RNA silencing in plants. Nature. 431, 356-363 (2004). - Anushree, N., Shivaprasad, P. V.
Regulation of Plant miRNA Biogenesis. Proceedings of the Indian National Science Academy. 95, (2017). - Narjala, A., Nair, A., Tirumalai, V., Hari Sundar, G. V., Shivaprasad, P. V. A conserved sequence signature is essential for robust plant miRNA biogenesis.
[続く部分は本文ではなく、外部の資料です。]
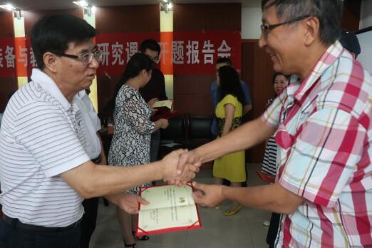 四川省教育裝備行業(yè)協(xié)會張林祥會長為龍念南專家頒發(fā)聘書

Nucleic Acids Research. , (2020).
- Chen, H. M., et al. 22-Nucleotide RNAs trigger secondary siRNA biogenesis in plants. Proceedings of the National Academy of Sciences of the United States of America. 107, 15269-15274 (2010).
- Shivaprasad, P. V., et al. A microRNA superfamily regulates nucleotide binding site-leucine-rich repeats and other mRNAs. Plant Cell. 24, 859-874 (2012).
- Shivaprasad, P. V., Dunn, R. M., Santos, B. A., Bassett, A., Baulcombe, D. C. Extraordinary transgressive phenotypes of hybrid tomato are influenced by epigenetics and small silencing RNAs. The EMBO Journal. 31, 257-266 (2012).
- Akbergenov, R., et al. Molecular characterization of geminivirus-derived small RNAs in different plant species. Nucleic Acids Research. 34, 462-471 (2006).
- Tirumalai, V., Swetha, C., Nair, A., Pandit, A., Shivaprasad, P. V. miR828 and miR858 regulate VvMYB114 to promote anthocyanin and flavonol accumulation in grapes. Journal of Experimental Botany. , (2019).
- Li, C., Zamore, P. D. Analysis of Small RNAs by Northern Hybridization. Cold Spring Harbor Protocols. (8), (2018).
- Swetha, C., et al. Major domestication-related phenotypes in indica rice are due to loss of miRNA-mediated laccase silencing. The Plant Cell. , (2018).